Fuchino v. Edwards-Buckley

196 Cal. App. 4th 1128, 126 Cal. Rptr. 3d 886, 2011 Cal. App. LEXIS 813
CourtCalifornia Court of Appeal
DecidedJune 27, 2011
DocketNo. C064973
StatusPublished
Cited by2 cases

This text of 196 Cal. App. 4th 1128 (Fuchino v. Edwards-Buckley) is published on Counsel Stack Legal Research, covering California Court of Appeal primary law. Counsel Stack provides free access to over 12 million legal documents including statutes, case law, regulations, and constitutions.

Bluebook
Fuchino v. Edwards-Buckley, 196 Cal. App. 4th 1128, 126 Cal. Rptr. 3d 886, 2011 Cal. App. LEXIS 813 (Cal. Ct. App. 2011).

Opinion

[1131]*1131Opinion

HOCH, J.

Appellant Beverly Carol Fuchino petitioned the superior court for a writ of mandamus to, among other things, compel Sacramento County to cover the cost of emergency ambulance services provided to her in Monterey County. She claimed that Sacramento County was required to pay for her out-of-county emergency ambulance services pursuant to Welfare and Institutions Code section 17000.1 The trial court denied this portion of her petition. We reverse.

FACTUAL BACKGROUND

The underlying facts are not in dispute. Fuchino is an indigent Sacramento County resident with severe diabetes. She enrolled in and has received medical care under the County Medically Indigent Services Program (CMISP), the program through which Sacramento County endeavors to fulfill its statutory obligations under the Welfare and Institutions Code. The medical care she has received under CMISP includes medication and a diet regimen. She has no copay requirement.

On April 21, 2007, Fuchino was in Monterey County, California, with her daughters to celebrate her 63d birthday. It was Fuchino’s first and only trip to Monterey County. She took her normal four insulin injections that day and watched her diet as usual. Late at night, she went into diabetic shock and became unconscious. Her daughters called an ambulance to the hotel.

An ambulance from Westmed Ambulance Inc. (Westmed) transported Fuchino to Community Hospital of the Monterey Peninsula. In transit, ambulance personnel administered glucagon and dextrose to Fuchino. Once at the hospital, she was treated in the emergency room.

. Some time later, Fuchino received a bill from Westmed totaling $1,391.04 for the ambulance services provided on April 21, 2007. Fuchino submitted the bill to her Sacramento CMISP worker and requested coverage. Fuchino’s request was denied for the stated reason that “[pjayment of ambulance services is not within the scope of services provided by CMISP.” Fuchino submitted a letter to Sacramento County to appeal CMISP’s denial of coverage for the ambulance bill. In a letter response, Sacramento County concluded that “Fuchino’s expenses in Monterey County are not the responsibility of Sacramento County CMISP.” Sacramento County also sent a letter to Fuchino informing her that her administrative appeal was denied. The letter ended with the following statement: “The Decision On Your Request [1132]*1132Is The Final Decision. There Is No Further Appeal Recourse Available To You Within The Department Of Health and Human Services.”

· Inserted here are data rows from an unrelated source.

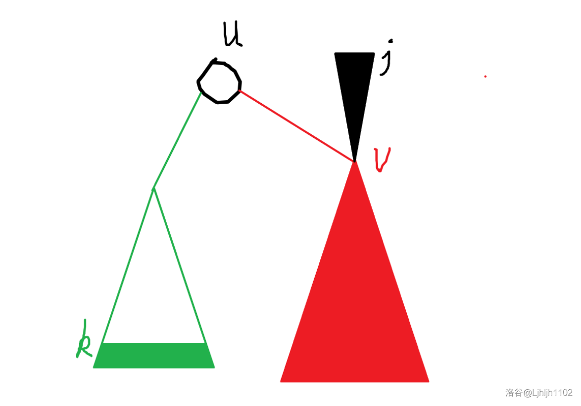 我们以第三种情况为例子。如图,绿色子树代表前面我们已经遍历过的子树,实色部分表示 k 层以下已经覆盖完,空白部分表示 k 层以上没有完全被覆盖。红色子树也就是 v 子树,表示 v 子树已经覆盖完,黑色倒三角就表示 v 子树还能向外再覆盖 j 层。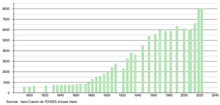 - ↑ Population municipale de référence en vigueur au 1er janvier 2025, millésimée 2022, définie dans les limites territoriales en vigueur au 1er janvier 2024, date de référence statistique : 1er janvier 2022.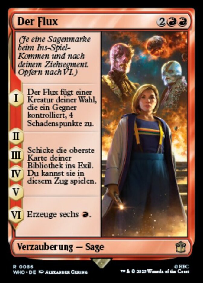 | Rules | (As this Saga enters and after your draw step, add a lore counter. Sacrifice after VI.) I — The Flux deals 4 damage to target creature an opponent controls. II, III, IV, V — Exile the top card of your library. You may play that card this turn. VI — Add six . |
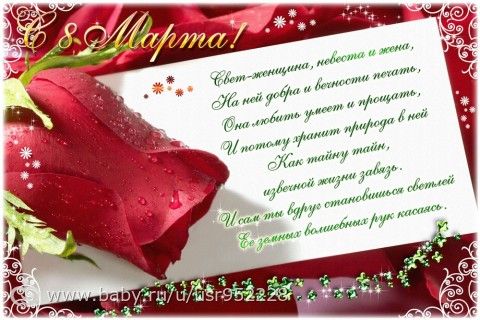 Пусть сегодня ваша душа до краев наполнится светом, теплом и радостью от искренних пожеланий, нежных цветов, приятных подарков! Пусть ласточки вьют гнезда над вашими окнами и несут в дом благополучие и взаимопонимание, а первые лучи весеннего солнышка укажут на счастливую тропинку вашей судьбе!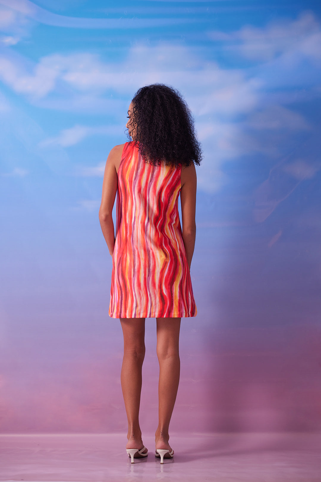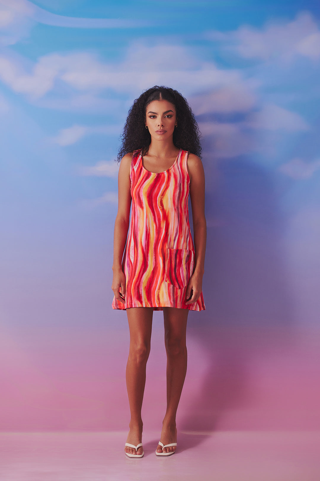 Vestido corto tipo talego, cuello redondo, bolsillo de parche en frente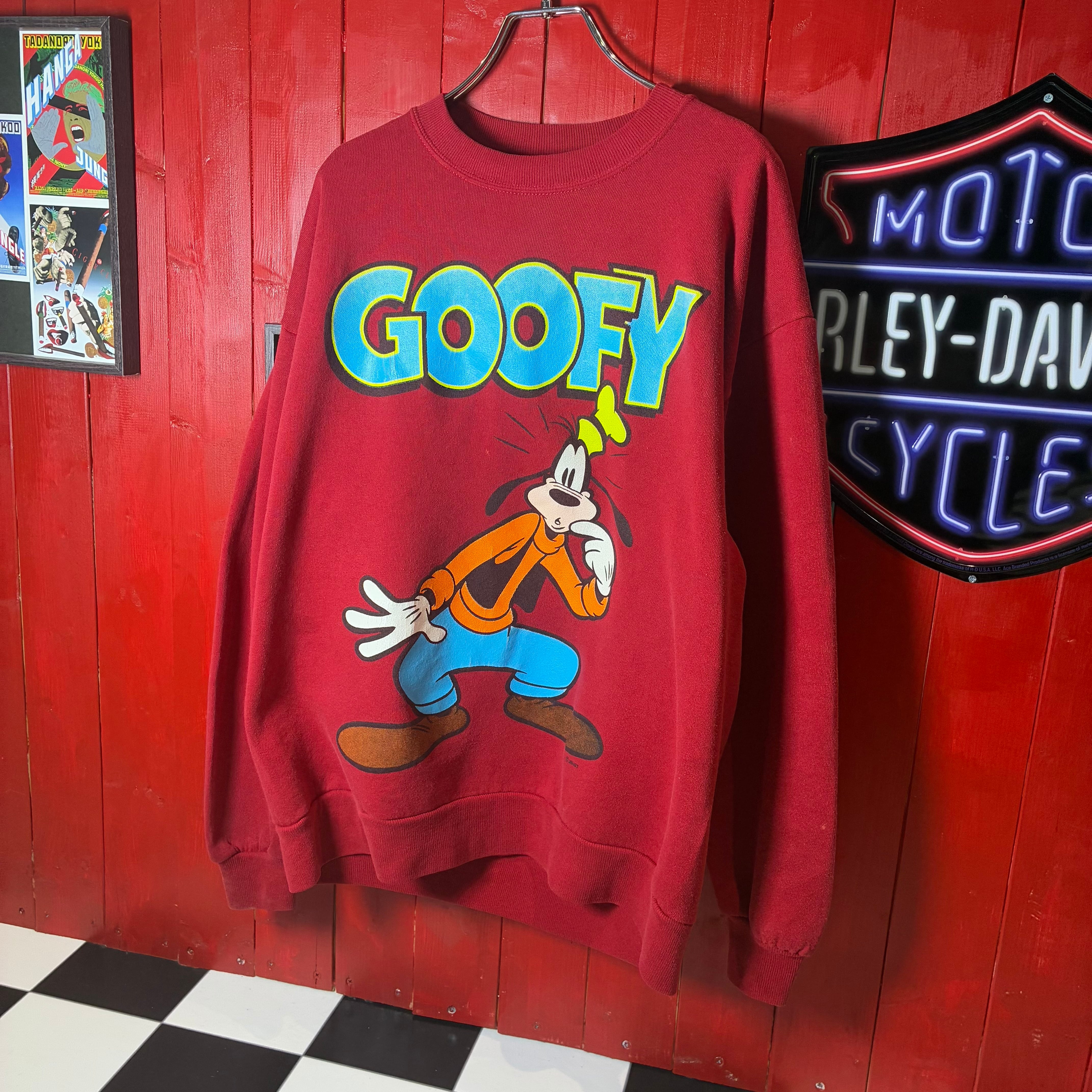 90s USA製 Velva Sheen Disney GOOFY オフィシャルスウェット 赤 L

Consequently, Fuchino submitted a request to Monterey County to cover the cost of the ambulance services. Monterey County denied her request. The. written denial, signed by a Monterey County representative, states in pertinent part: “I cannot find that . . . Fuchino has ever been a county resident. She therefore is not eligible for services provided by our county including ambulance services.”

PROCEDURAL HISTORY

On February 27, 2009, Fuchino filed a verified petition for writ of mandamus in the Sacramento County Superior Court.2 The petition sought both a writ of administrative mandamus (Code Civ. Proc., § 1094.5) to compel Sacramento County to issue a decision covering the cost of her ambulance bill and a traditional writ of mandamus (Code Civ. Proc., § 1085) to compel Sacramento County to establish new policies for its CMISP. The new CMISP policies sought were: (i) coverage for medically necessary emergency ambulance services without requiring prior authorization; (ii) coverage for medically necessary care received outside of Sacramento County by CMISP beneficiaries who are out of county when the need for care arises and the person is unable to return to Sacramento for treatment; (iii) coverage for medically necessary emergency care provided by noncontracted providers; and (iv) appeal rights, including a formal appeal, when services are denied for falling outside the scope of CMISP’s coverage.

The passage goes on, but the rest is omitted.